**What is expected**
With the images excluded, set down every line of the listing below exactly.

**Excerpted data**
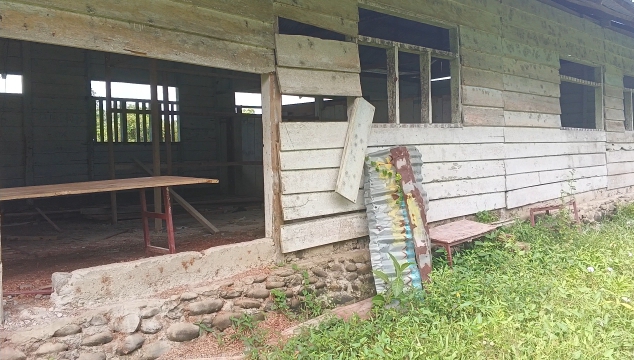 Bangunan sekolah berbahan kayu itu kini tinggal menunggu waktu. Papan-papan yang dulu melindungi anak-anak dari panas dan hujan telah lapuk dimakan usia.
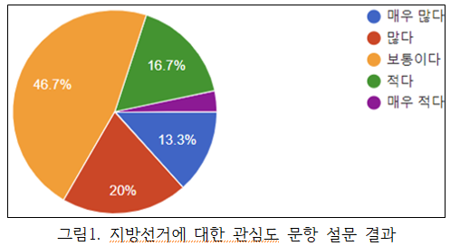 지방선거 관심도에 대한 설문 조사 결과, ‘보통이다’라고 답한 비율이 46.7%로 거의 절반을 차지하였다. 이 중에서 지방선거에 대한 관심도가 낮다고 답한 응답자들의 이유는 크게 두 가지로 나뉘었다. 첫째는, 지방선거가 복잡하고 어려워 진입 장벽이 높다는 것이었다. 예로, 설문 참여자 중 4명은 자신의 선거구에 출마하는 후보가 누구인지, 후보자의 공약이 무엇인지 잘 모른다는 답변을 내놓았다. 둘째는, 대선이나 국회의원 선거보다 지방선거의 중요성이 더 낮다는 인식 때문이었다.
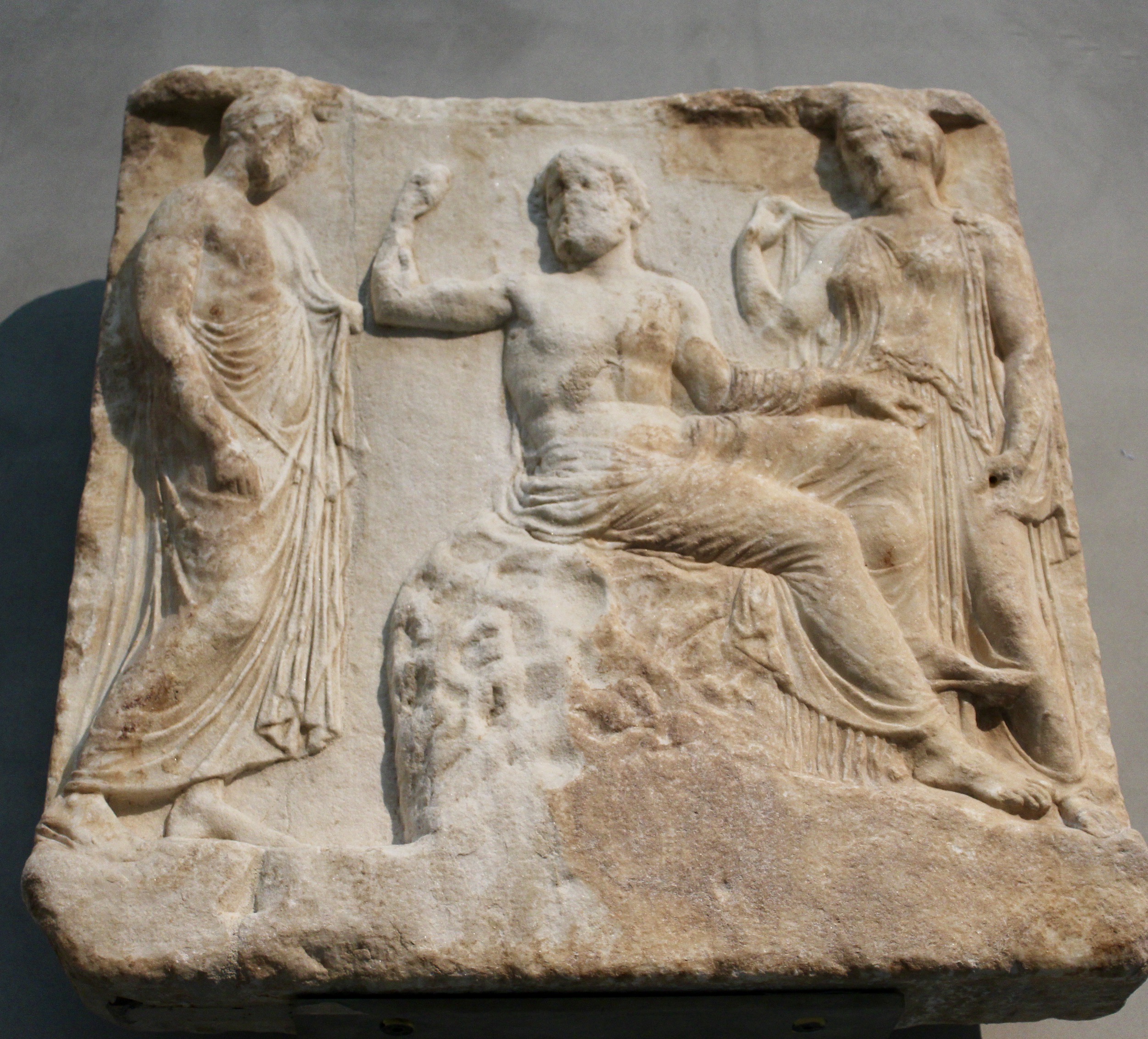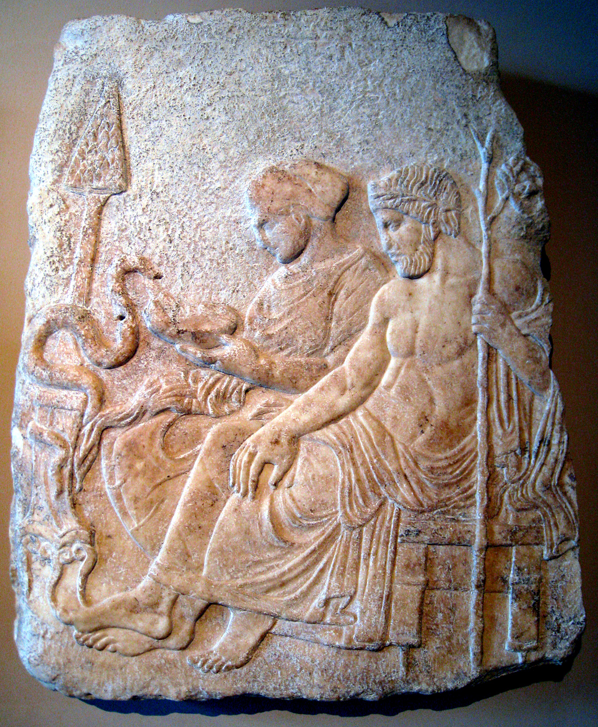 Marble relief of Asclepius and his daughter Hygieia. From Therme, Greece, end of the 5th century BC. Istanbul Archaeological Museums.
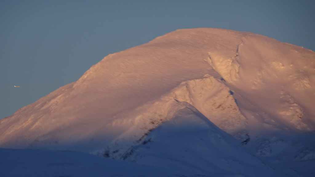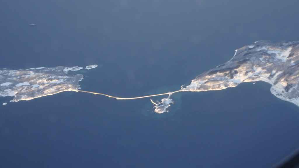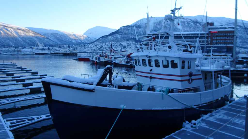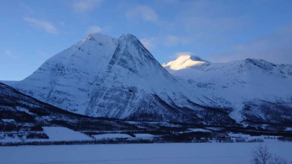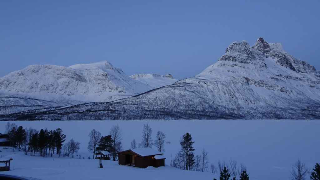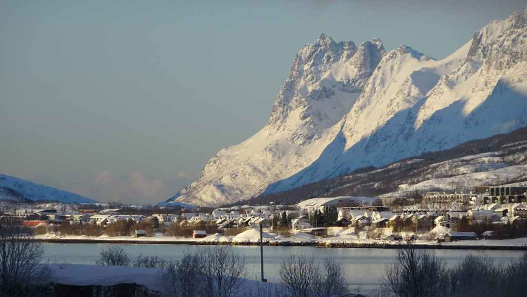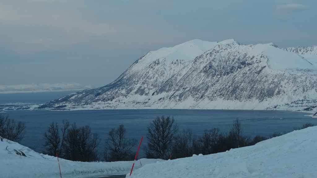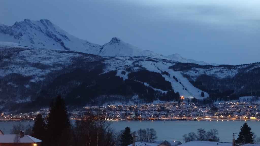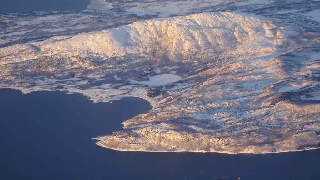 On décolle, avec 1 heure de retard, dans la grisaille et nous trouvons le soleil à 10000 m d’altitude… 3 h plus tard les nuages s’éparpillent laissant apparaitre de bien jolis paysages enneigés. Et plus on se rapproche de Tromsø, plus les montagnes rondes se transforment en pics acérés. Les fjords commencent parfois à geler, les lacs le sont eux depuis longtemps… L’atterrissage se fait sans problème après avoir survolé la ville de 70000 habitants.
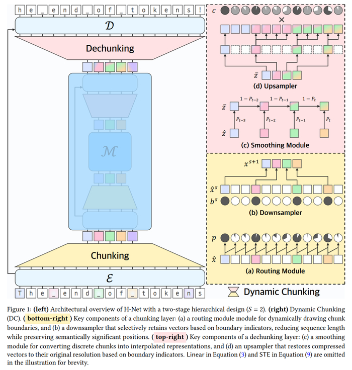 在此背景下,来自 CMU、 Cartesia AI 等机构的研究者提出了一系列新技术,通过动态分块机制实现内容与上下文自适应的分割策略,该机制可与模型其他部分联合学习。将这一机制融入显式分层网络(H-Net)后,原本隐含分层的「tokenization–LM–detokenization」流程可被完全端到端的单一模型取代。
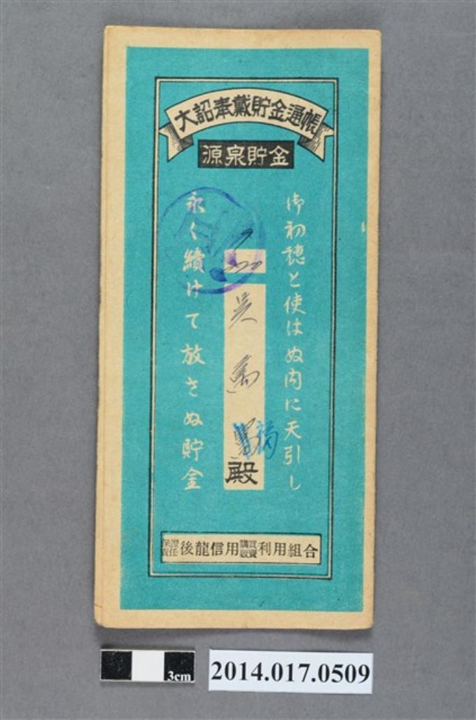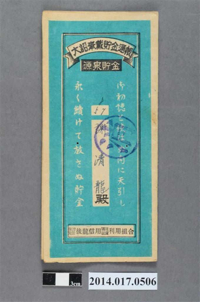 保證責任後龍信用購買販賣利用組合給謝清龍大詔奉戴儲金簿
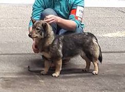 33 cm, DCC, joli sujet bien dans le type, exc.tête féminine, exc.encolure et ligne de dos, poitrine bien descendue, exc.fouet, aplombs et angulations corrects, allure correcte
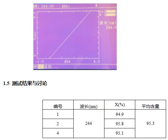 1.4.2样品的测定:称取维生素C片20片,研细,准确称取约0.05g样品,用0.005mol/l的稀硫酸定容至50ml,在244波长出测定其浓度。
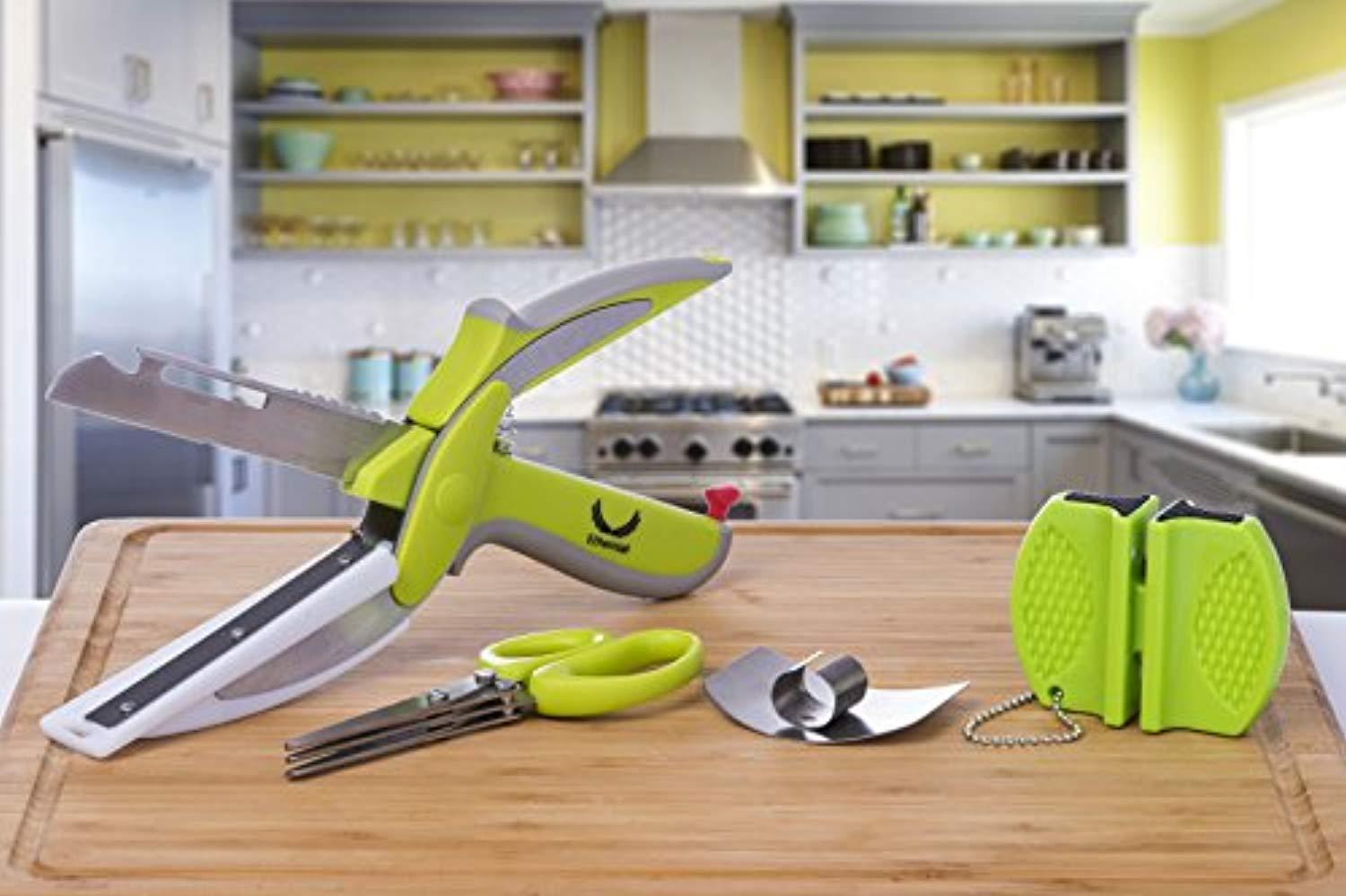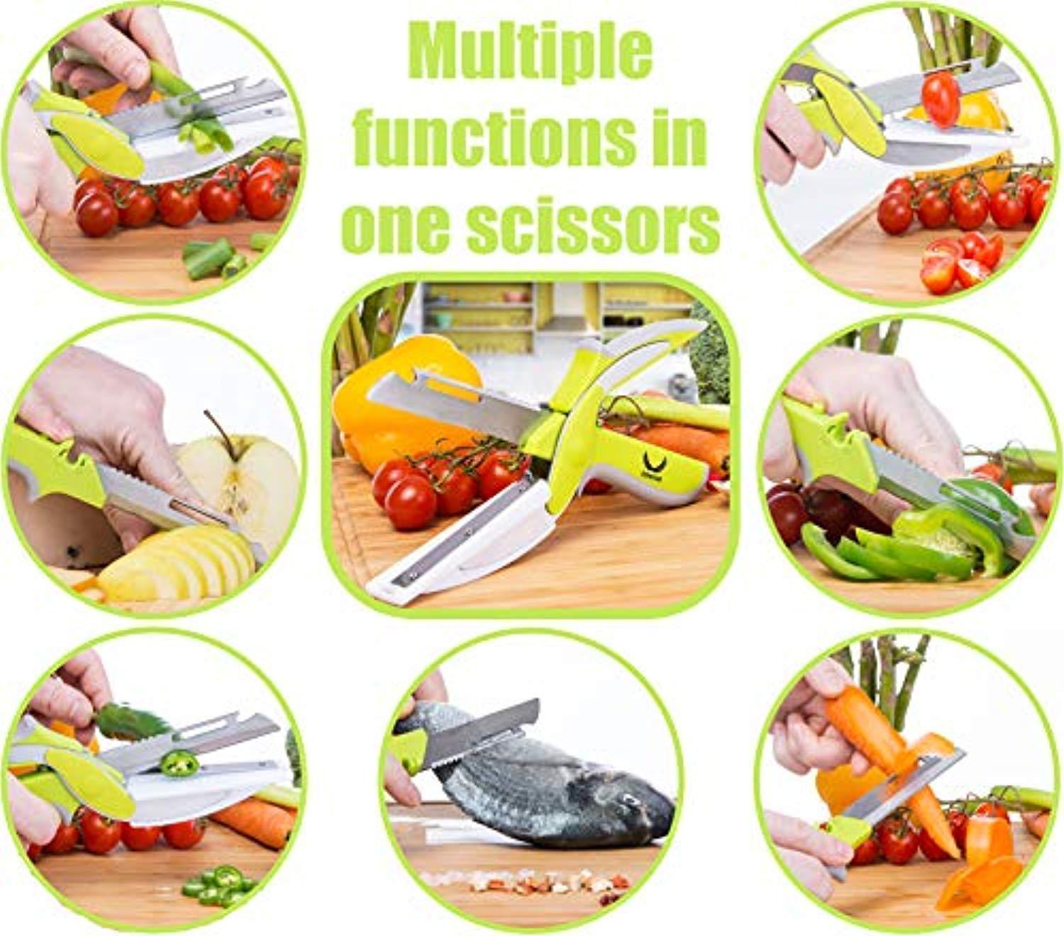 • 🍏 VERSATILE KHCCHEN SCISSORS FOR ALL YOUR NEEDS: The food chopping scissor combines the sharpness of the kitchen knife blade with the cutting board and blends them into a practical 6-in-1 food chopper.Use this to make great meals for the entire family.
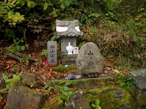 | 夏道コース五合目に安置される山の神 ・この場所には以前遥拝所があり登山者が東の尾根から昇る日の出を拝んで登山の安全を祈願していた場所だそうです。 |
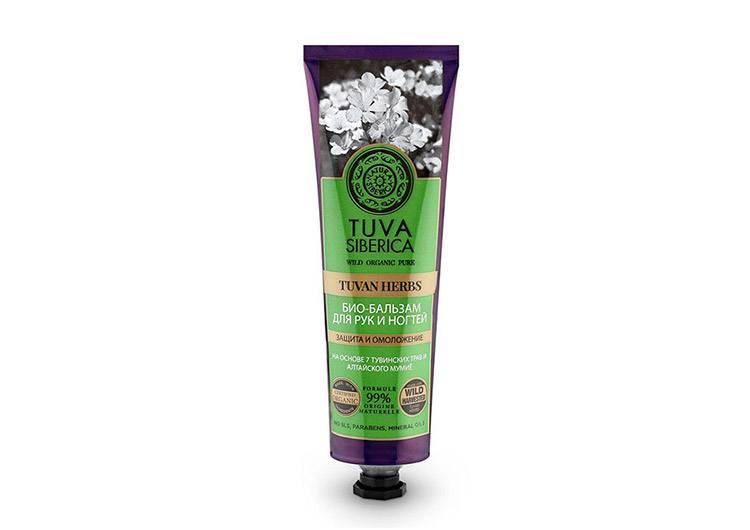Защитный бальзам изготовлен на основе семи тувинских трав и алтайского мумие, которые обеспечивают интенсивный уход и питание кожи рук, кутикулы и ногтей. Он предназначен для защиты от солнца, мороза и ветра, заживления трещинок, активного увлажнения. Бальзам на 99% состоит из экологических, натуральных компонентов. У него мягкая консистенция – впитывается без жирной пленки и мгновенно дарит ощущение мягкости и напитанности. А какой аромат! Нежный запах трав и полевых цветов вызывает приятные воспоминания о лете и поднимает настроение. При постоянном использовании бальзам укрепляет ногтевую пластину, предотвращает расслаивание, смягчает кутикулу.
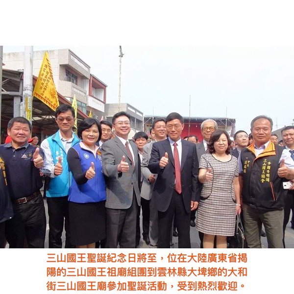 廣東省粵台經濟文化交流中心常務理事侯振富率廣東省三山國王霖田祖廟會香團40餘人,今天下午3點抵達大埤鄉三山國王廟,廟方前主委、中國巾明獨三山國王協會總會長劉瑞德,帶領陣頭熱烈歡迎,立委張麗善、縣議員李明哲、陳樹吉到場與會。
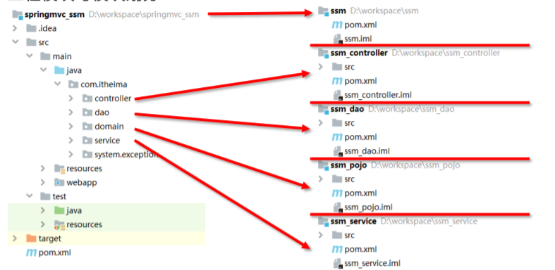 1、模块中仅包含当前模块对应的功能类与配置文件 2、spring核心配置根据模块功能不同进行独立制作 3、当前模块所依赖的模块通过导入坐标的形式加入当前模块后才可以使用 4、web.xml需要加载所有的spring核心配置文件
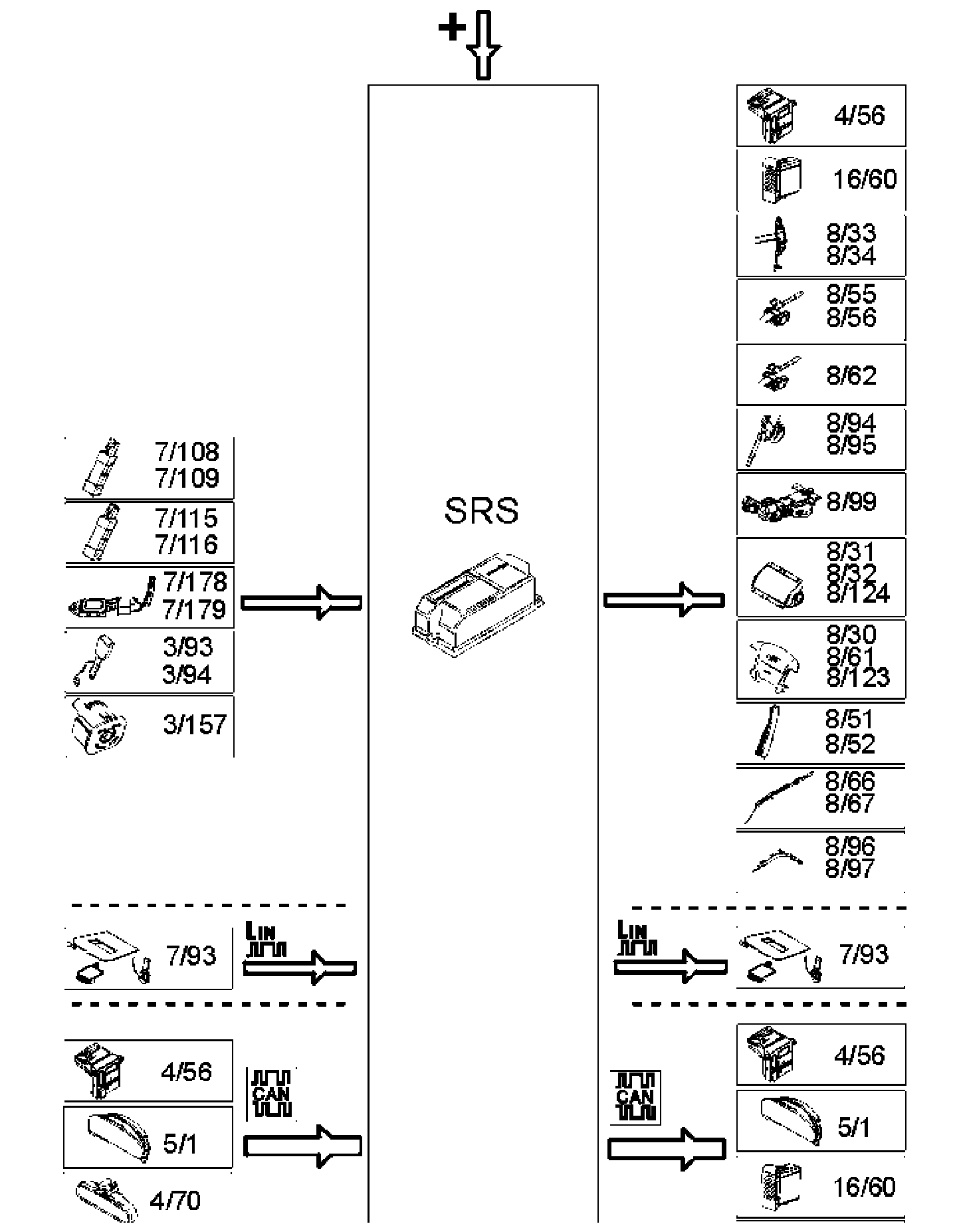 The table below summarizes the input signals to and output signals from the supplemental restraint system module (SRS). The signal types are divided into directly connected signals, LIN and CAN communication. The illustration below displays the same information with the Volvo component designations.

**Completed task**
 Bangunan sekolah berbahan kayu itu kini tinggal menunggu waktu. Papan-papan yang dulu melindungi anak-anak dari panas dan hujan telah lapuk dimakan usia.
 지방선거 관심도에 대한 설문 조사 결과, ‘보통이다’라고 답한 비율이 46.7%로 거의 절반을 차지하였다. 이 중에서 지방선거에 대한 관심도가 낮다고 답한 응답자들의 이유는 크게 두 가지로 나뉘었다. 첫째는, 지방선거가 복잡하고 어려워 진입 장벽이 높다는 것이었다. 예로, 설문 참여자 중 4명은 자신의 선거구에 출마하는 후보가 누구인지, 후보자의 공약이 무엇인지 잘 모른다는 답변을 내놓았다. 둘째는, 대선이나 국회의원 선거보다 지방선거의 중요성이 더 낮다는 인식 때문이었다.
 Marble relief of Asclepius and his daughter Hygieia. From Therme, Greece, end of the 5th century BC. Istanbul Archaeological Museums.
 On décolle, avec 1 heure de retard, dans la grisaille et nous trouvons le soleil à 10000 m d’altitude… 3 h plus tard les nuages s’éparpillent laissant apparaitre de bien jolis paysages enneigés. Et plus on se rapproche de Tromsø, plus les montagnes rondes se transforment en pics acérés. Les fjords commencent parfois à geler, les lacs le sont eux depuis longtemps… L’atterrissage se fait sans problème après avoir survolé la ville de 70000 habitants.
 在此背景下,来自 CMU、 Cartesia AI 等机构的研究者提出了一系列新技术,通过动态分块机制实现内容与上下文自适应的分割策略,该机制可与模型其他部分联合学习。将这一机制融入显式分层网络(H-Net)后,原本隐含分层的「tokenization–LM–detokenization」流程可被完全端到端的单一模型取代。
 保證責任後龍信用購買販賣利用組合給謝清龍大詔奉戴儲金簿
 33 cm, DCC, joli sujet bien dans le type, exc.tête féminine, exc.encolure et ligne de dos, poitrine bien descendue, exc.fouet, aplombs et angulations corrects, allure correcte
 1.4.2样品的测定:称取维生素C片20片,研细,准确称取约0.05g样品,用0.005mol/l的稀硫酸定容至50ml,在244波长出测定其浓度。
 • 🍏 VERSATILE KHCCHEN SCISSORS FOR ALL YOUR NEEDS: The food chopping scissor combines the sharpness of the kitchen knife blade with the cutting board and blends them into a practical 6-in-1 food chopper.Use this to make great meals for the entire family.
 | 夏道コース五合目に安置される山の神 ・この場所には以前遥拝所があり登山者が東の尾根から昇る日の出を拝んで登山の安全を祈願していた場所だそうです。 |
Защитный бальзам изготовлен на основе семи тувинских трав и алтайского мумие, которые обеспечивают интенсивный уход и питание кожи рук, кутикулы и ногтей. Он предназначен для защиты от солнца, мороза и ветра, заживления трещинок, активного увлажнения. Бальзам на 99% состоит из экологических, натуральных компонентов. У него мягкая консистенция – впитывается без жирной пленки и мгновенно дарит ощущение мягкости и напитанности. А какой аромат! Нежный запах трав и полевых цветов вызывает приятные воспоминания о лете и поднимает настроение. При постоянном использовании бальзам укрепляет ногтевую пластину, предотвращает расслаивание, смягчает кутикулу.
 廣東省粵台經濟文化交流中心常務理事侯振富率廣東省三山國王霖田祖廟會香團40餘人,今天下午3點抵達大埤鄉三山國王廟,廟方前主委、中國巾明獨三山國王協會總會長劉瑞德,帶領陣頭熱烈歡迎,立委張麗善、縣議員李明哲、陳樹吉到場與會。
 1、模块中仅包含当前模块对应的功能类与配置文件 2、spring核心配置根据模块功能不同进行独立制作 3、当前模块所依赖的模块通过导入坐标的形式加入当前模块后才可以使用 4、web.xml需要加载所有的spring核心配置文件
 The table below summarizes the input signals to and output signals from the supplemental restraint system module (SRS). The signal types are divided into directly connected signals, LIN and CAN communication. The illustration below displays the same information with the Volvo component designations.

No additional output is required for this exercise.